The opening goal when it came, though, resulted from a City set play. As when Guardiola’s side beat Mourinho’s United, 2-1, with two goals from set pieces in 2017, there was an odd sense of disbelief, as though a goal so ordinary had no place in a game of such quality. It was John Stones who got it this time, bundling a left-wing free kick from Phil Foden over the line with his thigh. 

Stones’s career at City had seemed to be over just six weeks ago. Guardiola seemed to have lost faith in him, while the signings of Ruben Dias and Nathan Ake edged him down the pecking order. But he came into the side in the 5-0 win over Burnley at the end of November and has been almost faultless since. Callum Hudson-Odoi’s late strike on Sunday was the first goal City had conceded in Stones’s last nine starts. 

The goal, scored five minutes after halftime, brought 10 minutes of fluent attacking. City, suddenly, was brilliant again. This was what it was like at its best, when it seemed unstoppable, sweeping forward in great waves and slicing through United’s midfield. Joao Cancelo flashed a shot just over. Dean Henderson made a fine save from a Raheem Sterling header, and then an even better one to tip away a curling Riyad Mahrez effort. 

But United had enough about it to survive. What was apparent, though, as it chased an equalizer, was just how reliant it still is on Bruno Fernandes. With Fernandinho excelling at the back of midfield, the Portugal international struggled to find space and didn’t exert the sort of influence he so often does. 

By the end, United was reduced to slightly pathetic appeals for penalties, none worse than Anthony Martial’s after a very obvious dive. The volume of penalties United has been awarded over the past couple of years has become a talking point in the last few days; this would have done little to quell suggestions it goes looking for them. 
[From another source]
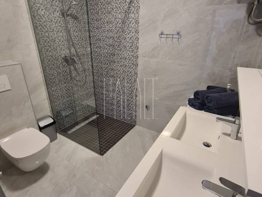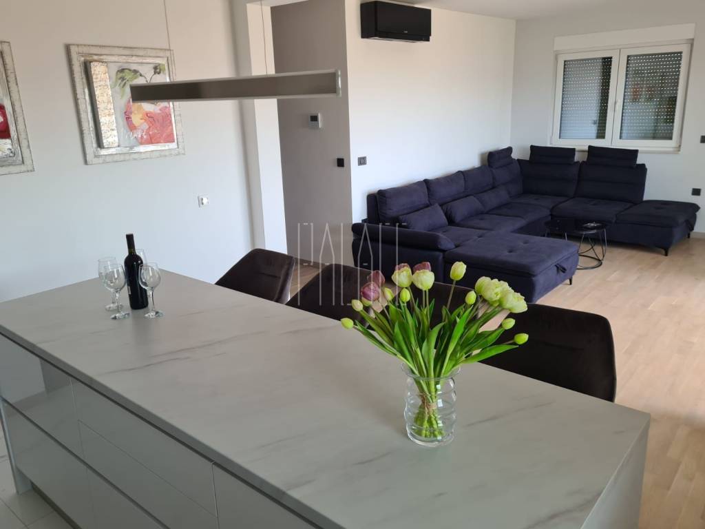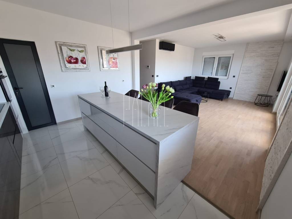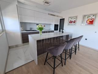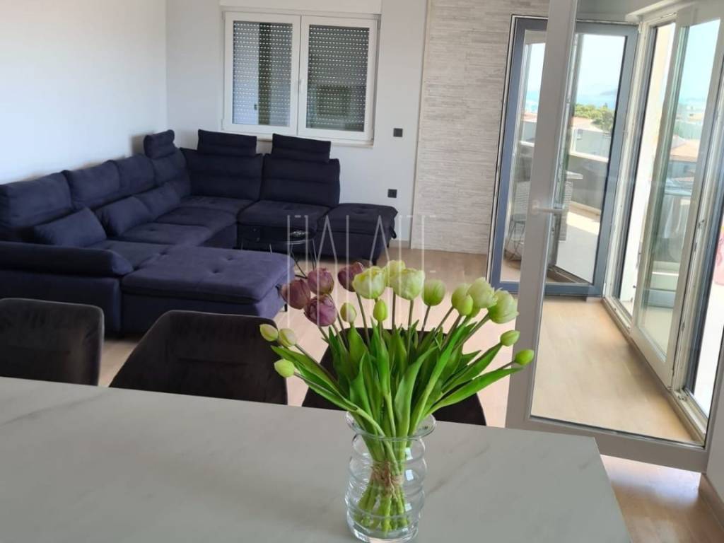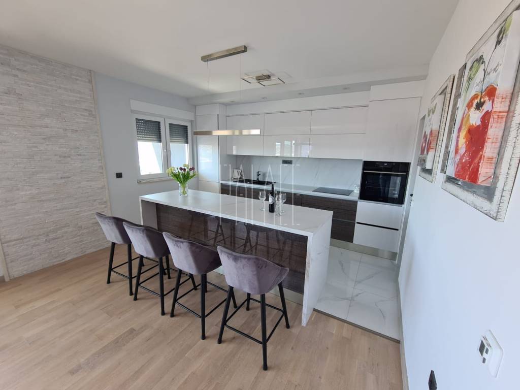 We mediate in the sale of a luxury penthouse with a panoramic view of the sea. It is located on the last floor of a smaller residential building. The building has a communal pool. The building has an A+ energy certificate. The penthouse has a total living area of 83.19mm² , and consists of a kitchen with a dining room and a large living room, three bedrooms, two bathrooms, an entrance hall, a storage room and a large loggia of 21.12m² . It has one outdoor parking space, which is included in the price of the apartment, and a 5m² storage room in the basement of the building. The penthouse is luxuriously decorated and is sold unfurnished but it possible to buy with furniture.

Only with eight minutes remaining was the game settled, with Fernandinho volleying in a half-cleared corner, but the truth is that City was much the better side, particularly after halftime. This is a strange season that means any conclusions must come with a caveat, but City looks defensively sound and is playing with great attacking verve. For Guardiola, a campaign that began with doubt could end in triumph.